Analysis of the galaxy and black hole properties
CANUCS-LRD-z8.6 is much smaller than the Milky Way, but its star formation rate is remarkable: about 50 new stars are born here every year, which is unusual for such a young system. Spectral studies show that the gas temperature inside the galaxy reaches nearly 40,000 degrees Celsius, while the heavy element content is extremely low—less than one-fifth of the Sun’s level.
These findings indicate that the galaxy’s chemical composition has remained virtually unchanged since its formation. The stars are only beginning to enrich the surrounding space with metals, and the system itself retains the characteristics of the primordial Universe. The core’s activity cannot be explained solely by star formation processes, pointing to a powerful influence from the central black hole.

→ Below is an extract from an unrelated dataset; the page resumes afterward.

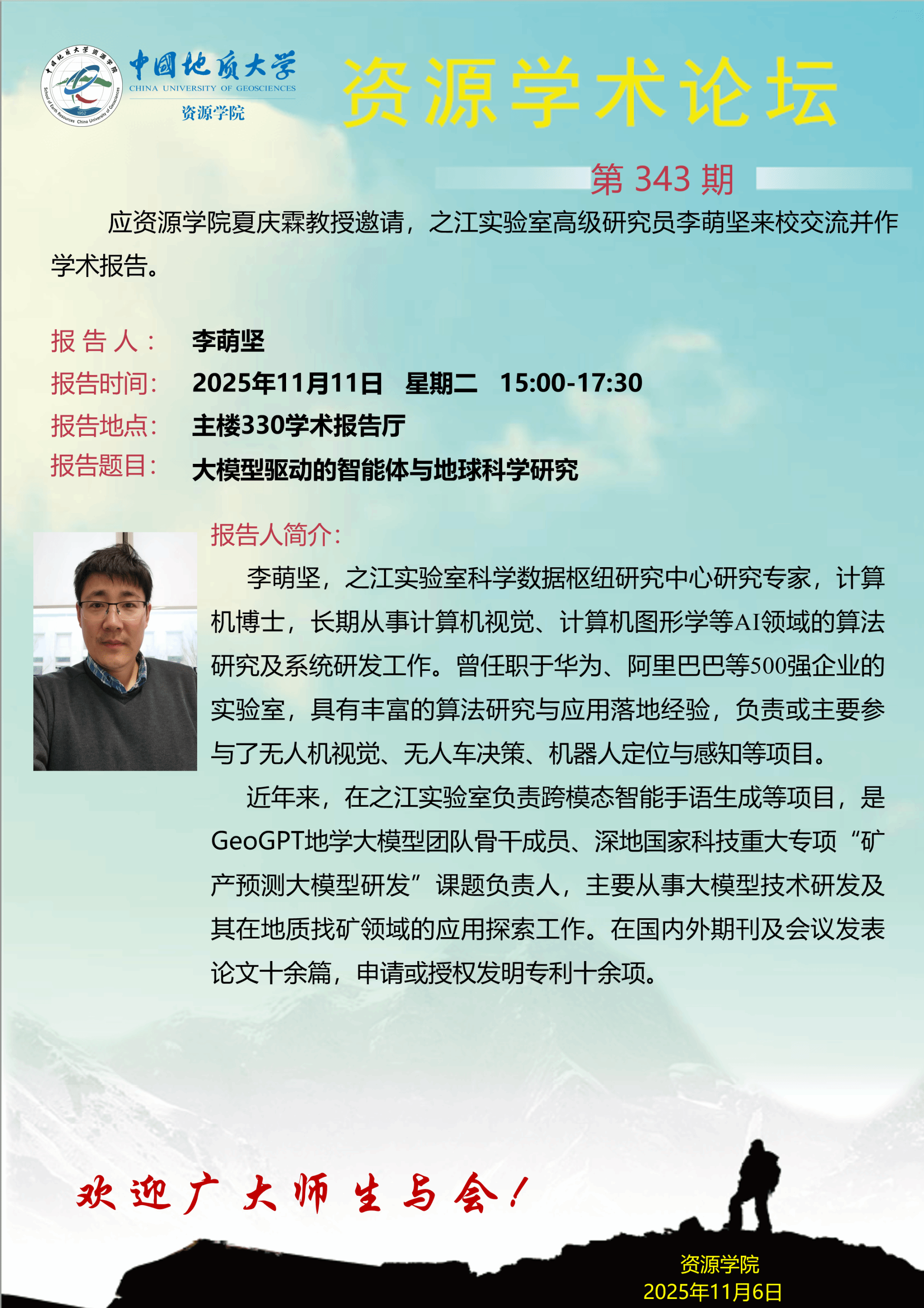 【11月11日】第343期资源学术论坛:李萌坚学术报告

Hypotheses on the Origin of the Giant Object
Astronomers believe that the rapid formation of the supermassive black hole is linked to unusual conditions in the early Universe. It likely did not result from the collapse of a massive star, but rather from the direct collapse of a huge gas cloud. This scenario helps explain how the black hole could accumulate a mass exceeding 100 million solar masses in such a short period.

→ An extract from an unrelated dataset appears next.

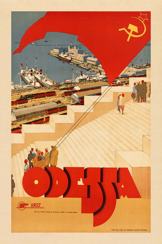Odessa is a striking vintage travel poster by an anonymous Soviet-era designer, created to promote the Black Sea port city during the early to mid-20th century. Rendered in the bold, streamlined language of Soviet propaganda art, it captures Odessa’s maritime allure while projecting the optimism and pride of the period. The sweeping red flag, the hammer and sickle, and the assertive ODESSA typography come together to evoke a dynamic coastal destination within the Soviet Union’s cultural orbit—today recognized as Odessa, Ukraine.

Calculations show that this object could have absorbed matter at a rate far exceeding the so-called Eddington limit—the theoretical boundary for the stable growth of black holes. This discovery challenges previous assumptions about the evolution rates of similar objects in the early Universe.

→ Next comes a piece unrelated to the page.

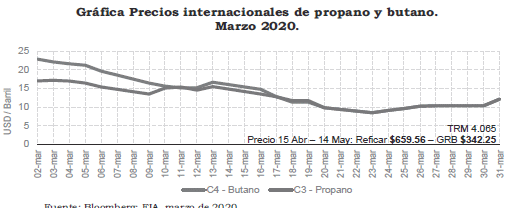 En la siguiente gráfica se presenta el comportamiento de los precios internacionales del GLP, propano y butano, para el mes de marzo;

Impact of the Discovery on Modern Cosmological Theories
The discovery of such a massive black hole in a young galaxy supports the hypothesis that in the first hundreds of millions of years after the Big Bang, black holes could have formed and grown more rapidly than the surrounding star systems. This opens new opportunities for studying the processes that took place during the epoch of reionization and prompts a reassessment of existing models for the evolution of galaxies and quasars.
Scientists believe that such objects could have served as the foundation for the formation of the brightest and most massive quasars observed in later epochs. The new data will help refine our understanding of how supermassive black holes form and clarify their impact on the development of their surroundings in the early universe.
In case you didn’t know: What we know about the James Webb Space Telescope
Recall that the James Webb Space Telescope (JWST) is the largest and most advanced astronomical instrument ever launched into space. Its development took more than two decades, and it was launched in December 2021. The telescope was built by an international consortium including NASA, the European Space Agency (ESA), and the Canadian Space Agency (CSA). The main mission of Webb is to study the most distant and ancient objects in the universe, including the first galaxies, stars, and black holes. Thanks to its unique infrared optics, JWST can peer through dense clouds of dust and capture light reaching us from the dawn of the cosmos. In a short period of operation, the telescope has already made a series of groundbreaking discoveries, giving scientists a new perspective on the processes of galaxy formation and the evolution of the universe. Its data are used to refine cosmological models and to search for fundamental answers about the origin of matter and the structure of the cosmos. JWST continues to broaden the horizons of astronomy, revealing new mysteries and showcasing the uniqueness of every discovered object.